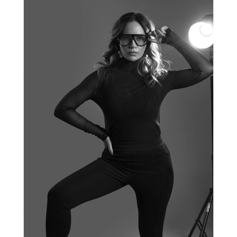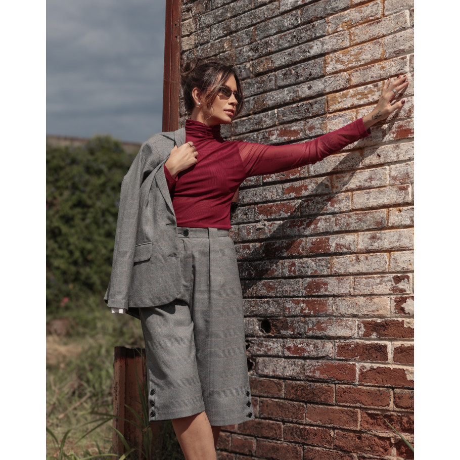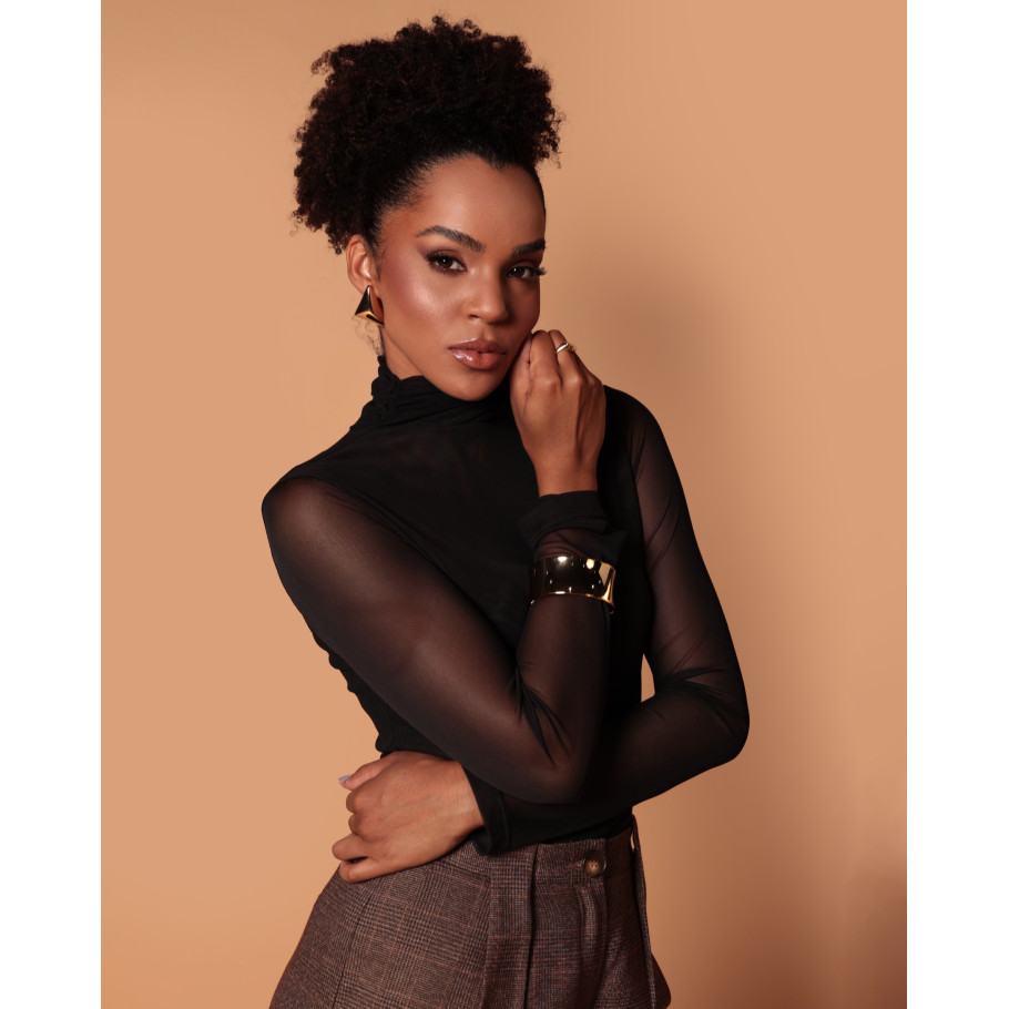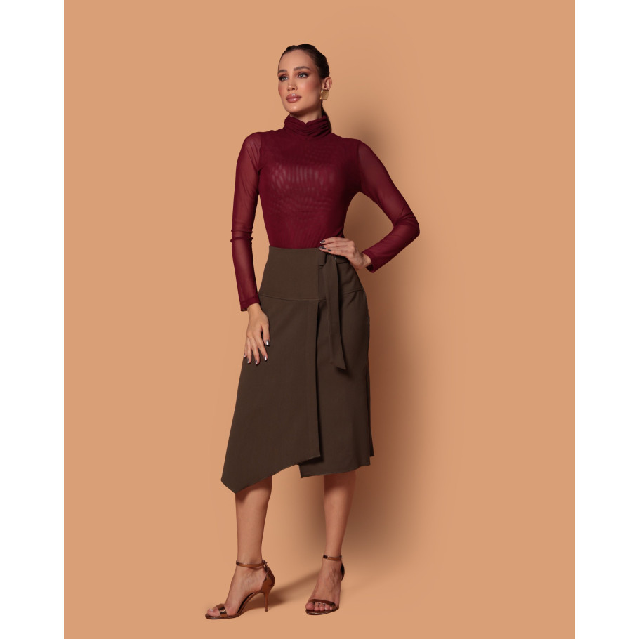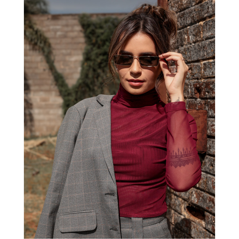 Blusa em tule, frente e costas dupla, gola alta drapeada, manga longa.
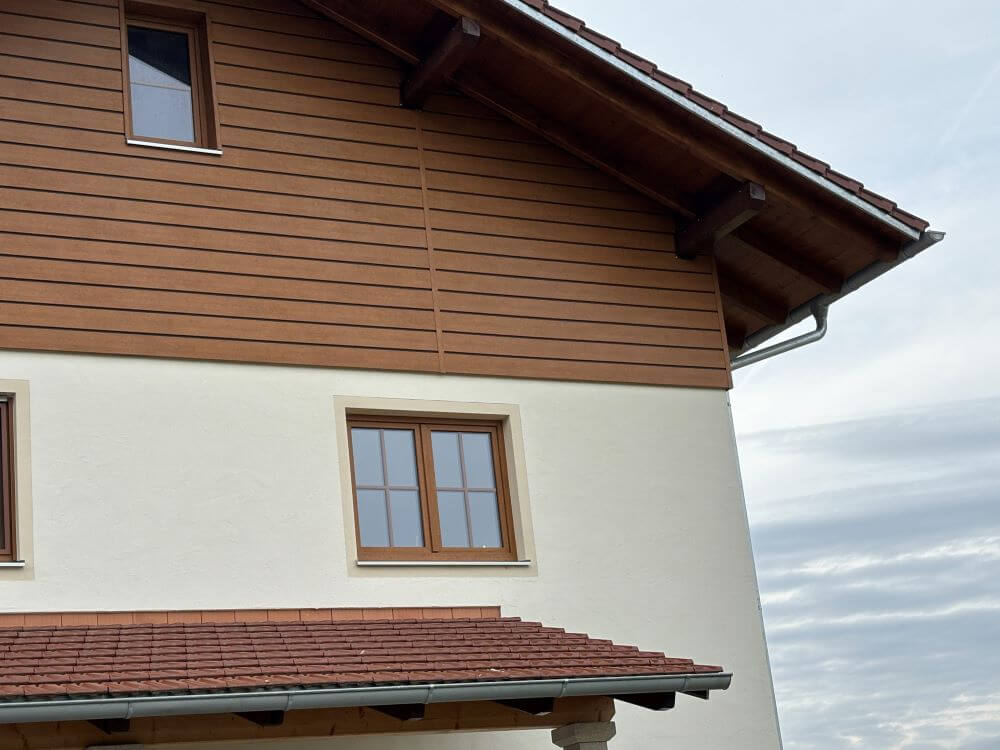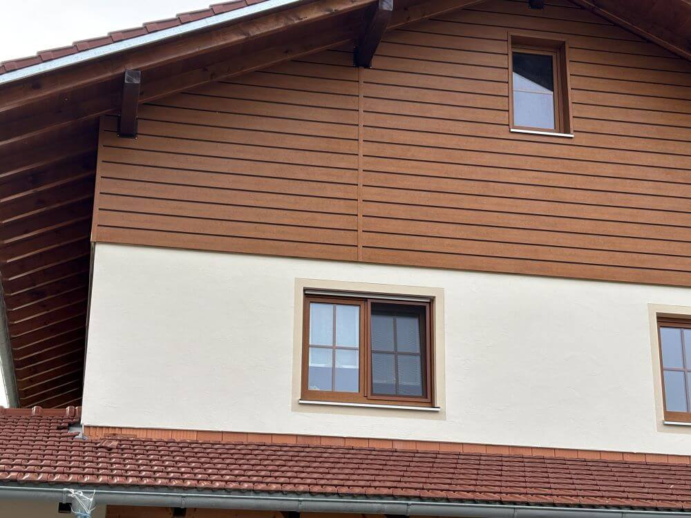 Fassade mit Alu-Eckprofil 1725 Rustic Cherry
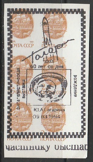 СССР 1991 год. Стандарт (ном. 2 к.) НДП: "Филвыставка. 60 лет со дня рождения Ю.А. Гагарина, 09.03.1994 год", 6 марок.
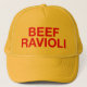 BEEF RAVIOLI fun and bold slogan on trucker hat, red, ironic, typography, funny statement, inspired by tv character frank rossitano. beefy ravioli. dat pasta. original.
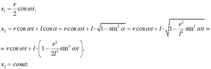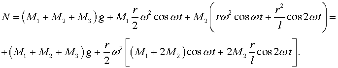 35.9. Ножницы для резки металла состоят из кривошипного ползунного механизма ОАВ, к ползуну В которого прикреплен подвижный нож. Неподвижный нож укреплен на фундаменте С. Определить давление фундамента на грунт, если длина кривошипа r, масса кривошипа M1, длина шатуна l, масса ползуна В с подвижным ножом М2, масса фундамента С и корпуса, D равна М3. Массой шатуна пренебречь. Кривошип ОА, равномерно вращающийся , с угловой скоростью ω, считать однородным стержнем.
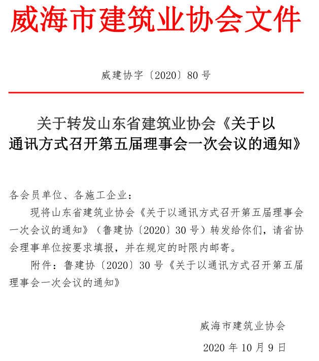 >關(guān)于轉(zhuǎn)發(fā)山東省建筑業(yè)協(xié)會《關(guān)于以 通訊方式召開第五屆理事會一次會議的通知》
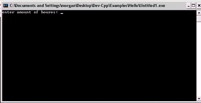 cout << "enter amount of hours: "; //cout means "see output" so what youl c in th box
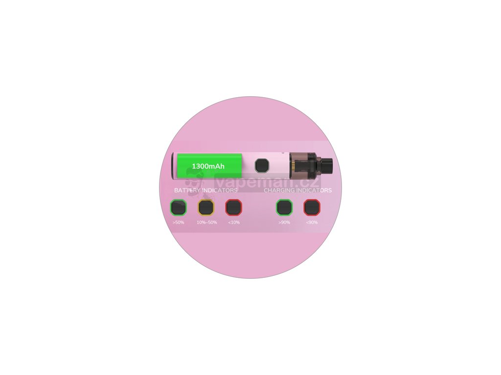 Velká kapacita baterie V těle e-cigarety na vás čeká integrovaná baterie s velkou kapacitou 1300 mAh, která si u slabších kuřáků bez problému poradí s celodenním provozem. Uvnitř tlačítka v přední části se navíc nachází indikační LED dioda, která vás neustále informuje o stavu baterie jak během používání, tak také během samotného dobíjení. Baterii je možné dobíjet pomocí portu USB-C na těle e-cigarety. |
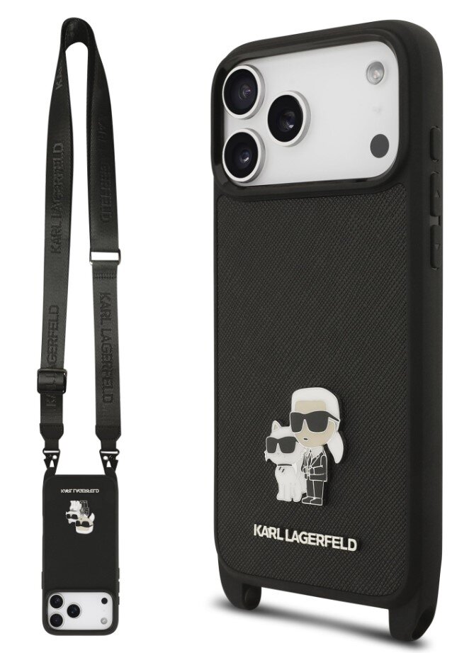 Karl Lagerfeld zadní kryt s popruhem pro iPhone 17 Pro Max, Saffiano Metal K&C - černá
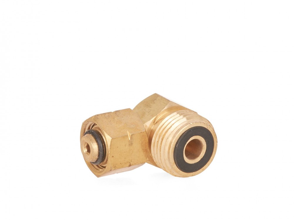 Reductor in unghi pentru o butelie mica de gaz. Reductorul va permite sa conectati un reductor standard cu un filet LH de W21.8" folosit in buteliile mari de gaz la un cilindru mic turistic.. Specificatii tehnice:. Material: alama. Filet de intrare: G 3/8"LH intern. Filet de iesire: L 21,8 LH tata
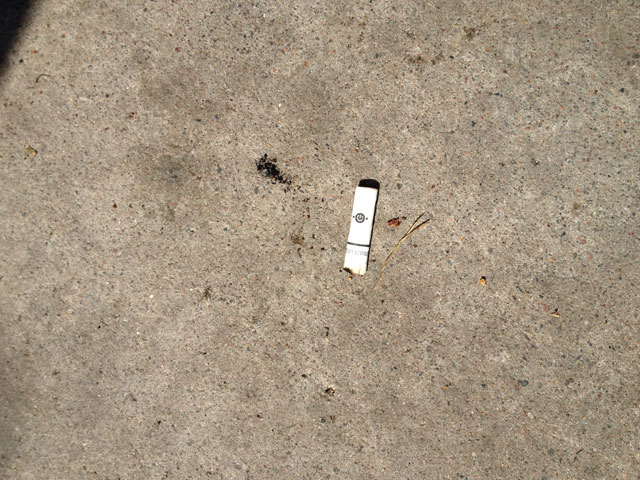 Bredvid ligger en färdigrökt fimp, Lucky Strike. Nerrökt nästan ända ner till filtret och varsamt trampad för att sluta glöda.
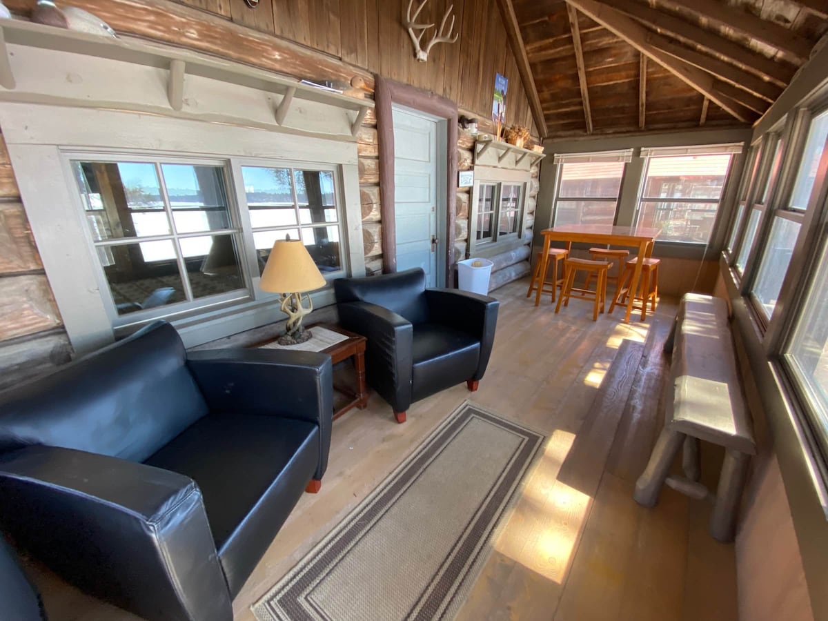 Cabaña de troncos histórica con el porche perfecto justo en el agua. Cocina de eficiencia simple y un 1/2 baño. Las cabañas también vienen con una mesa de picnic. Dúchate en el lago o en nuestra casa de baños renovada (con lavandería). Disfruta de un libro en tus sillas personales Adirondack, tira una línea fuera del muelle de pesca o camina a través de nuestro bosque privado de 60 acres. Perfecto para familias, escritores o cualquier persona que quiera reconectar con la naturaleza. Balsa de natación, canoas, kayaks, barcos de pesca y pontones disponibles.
* * * * *
Directions for this task =
With the pictures omitted, the records above are to be repeated exactly.

Exercise output =
 Blusa em tule, frente e costas dupla, gola alta drapeada, manga longa.
 Fassade mit Alu-Eckprofil 1725 Rustic Cherry
 СССР 1991 год. Стандарт (ном. 2 к.) НДП: "Филвыставка. 60 лет со дня рождения Ю.А. Гагарина, 09.03.1994 год", 6 марок.
 BEEF RAVIOLI fun and bold slogan on trucker hat, red, ironic, typography, funny statement, inspired by tv character frank rossitano. beefy ravioli. dat pasta. original.
 35.9. Ножницы для резки металла состоят из кривошипного ползунного механизма ОАВ, к ползуну В которого прикреплен подвижный нож. Неподвижный нож укреплен на фундаменте С. Определить давление фундамента на грунт, если длина кривошипа r, масса кривошипа M1, длина шатуна l, масса ползуна В с подвижным ножом М2, масса фундамента С и корпуса, D равна М3. Массой шатуна пренебречь. Кривошип ОА, равномерно вращающийся , с угловой скоростью ω, считать однородным стержнем.
 >關(guān)于轉(zhuǎn)發(fā)山東省建筑業(yè)協(xié)會《關(guān)于以 通訊方式召開第五屆理事會一次會議的通知》
 cout << "enter amount of hours: "; //cout means "see output" so what youl c in th box
 Velká kapacita baterie V těle e-cigarety na vás čeká integrovaná baterie s velkou kapacitou 1300 mAh, která si u slabších kuřáků bez problému poradí s celodenním provozem. Uvnitř tlačítka v přední části se navíc nachází indikační LED dioda, která vás neustále informuje o stavu baterie jak během používání, tak také během samotného dobíjení. Baterii je možné dobíjet pomocí portu USB-C na těle e-cigarety. |
 Karl Lagerfeld zadní kryt s popruhem pro iPhone 17 Pro Max, Saffiano Metal K&C - černá
 Reductor in unghi pentru o butelie mica de gaz. Reductorul va permite sa conectati un reductor standard cu un filet LH de W21.8" folosit in buteliile mari de gaz la un cilindru mic turistic.. Specificatii tehnice:. Material: alama. Filet de intrare: G 3/8"LH intern. Filet de iesire: L 21,8 LH tata
 Bredvid ligger en färdigrökt fimp, Lucky Strike. Nerrökt nästan ända ner till filtret och varsamt trampad för att sluta glöda.
 Cabaña de troncos histórica con el porche perfecto justo en el agua. Cocina de eficiencia simple y un 1/2 baño. Las cabañas también vienen con una mesa de picnic. Dúchate en el lago o en nuestra casa de baños renovada (con lavandería). Disfruta de un libro en tus sillas personales Adirondack, tira una línea fuera del muelle de pesca o camina a través de nuestro bosque privado de 60 acres. Perfecto para familias, escritores o cualquier persona que quiera reconectar con la naturaleza. Balsa de natación, canoas, kayaks, barcos de pesca y pontones disponibles.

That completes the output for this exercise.